Another aspect of medical research that has been accelerated by the pandemic is real-time clinical research and trials.
“It has made research more immediate. If you think about the volume of literature that has been published, used, reused over the last ten months. The amount that we have got to know in a shorter time, the speed at which we have collated and assimilated the research and science of the entire world, has been groundbreaking," Molloy said. "We’ve never seen turnaround in science like this ever before. Not just in our lifetimes, but in the history of science."
Real-world data (RWD), live primary and secondary data derived from heterogeneous patient populations in real-life settings, is used in patient surveys, observational cohort studies and some clinical trials. This is as opposed to data gleaned from a randomized, controlled trial.

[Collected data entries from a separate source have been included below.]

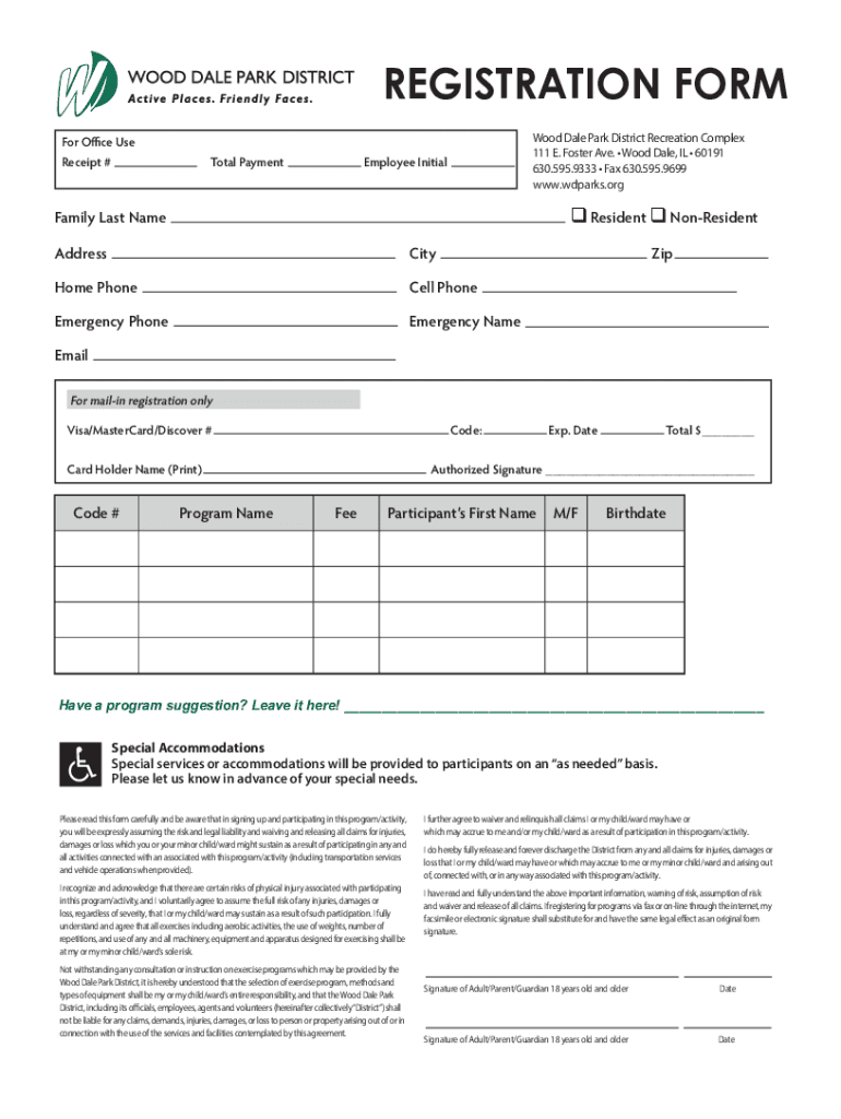 REGISTRATION FORM Wood Dale Park District Recreation Complex 111 E. Foster Ave. Wood Dale, IL 60191 630.595.9333 Fax 630.595.9699 www.wdparks.orgFor Office Use Receipt #Total PaymentEmployee Initial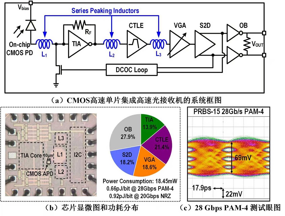团队从光器件和接收机前端电路入手,基于28-nm CMOS工艺实现了一款面向VCSEL光链路应用的28 Gb/s PAM-4接收机该芯片将PD和跨阻放大器电路集成在一块芯片上,在CMOS工艺上实现了单片集成方案。芯片采用10um×10um受光面积的PD,通过横向插指和浅沟隔离等技术突破了CMOS PD带宽、响应度低等技术瓶颈。同时,在跨阻放大器电路中采用全反相器设计,并插入精心设计的级间电感,显著降低功耗和带内噪声。该研究为低成本、低功耗的高速光接收机设计提供了一种具有实用价值的技术方案,达到了目前国内外CMOS全集成光接收机的最高速率。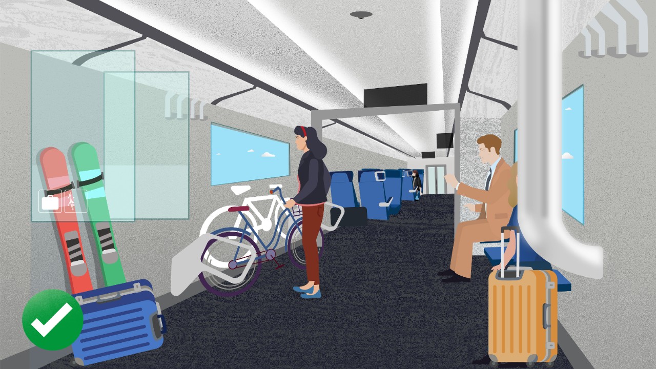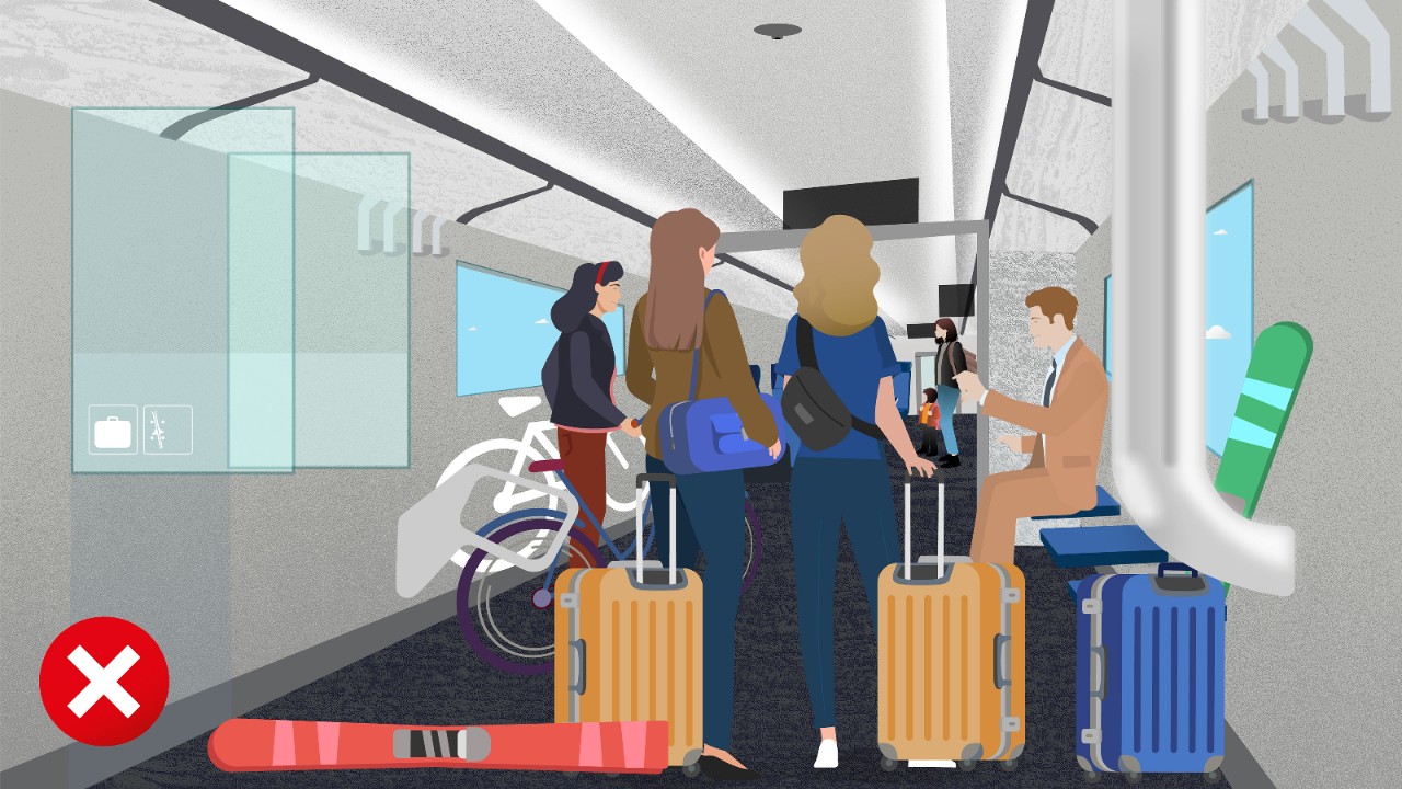 Freie Durchgänge und Fluchtwege im Zug sind wichtig, damit alle Reisenden sich im Notfall schnell und sicher bewegen können. Stellen Sie Gepäckstücke, Kinderwagen, Rollkoffer, Fahrräder und Einkaufstaschen nicht in Türbereichen oder in den Gängen ab.

The FDA, for example, uses RWD to conduct post-market monitoring of approved drugs for safety and adverse events. RWD can also lead to the consideration of marketed drugs for new indications, and allow clinicians to make treatment adjustments as new data comes in.
Molloy believes real-world data is the future of clinical trials.
“The only way that patients can be recruited in clinical trials for COVID is using real-world data, and we have seen that done over the last ten months in a way that has crossed the Rubicon for clinical trials. The clinical trial market is about 64 billion and only 1.6 billion of it is in the area of real-world trials. Well, my goodness, look at what we’ve done with real-world trials in the last ten months,” said Molloy. “The entire pharma industry, I think, has recognized that the Rubicon has been crossed. That the importance, the immediacy, of trials necessary for COVID - where you have a transient population - is as applicable and as important with other diseases where real-world trials will become the gold standard.”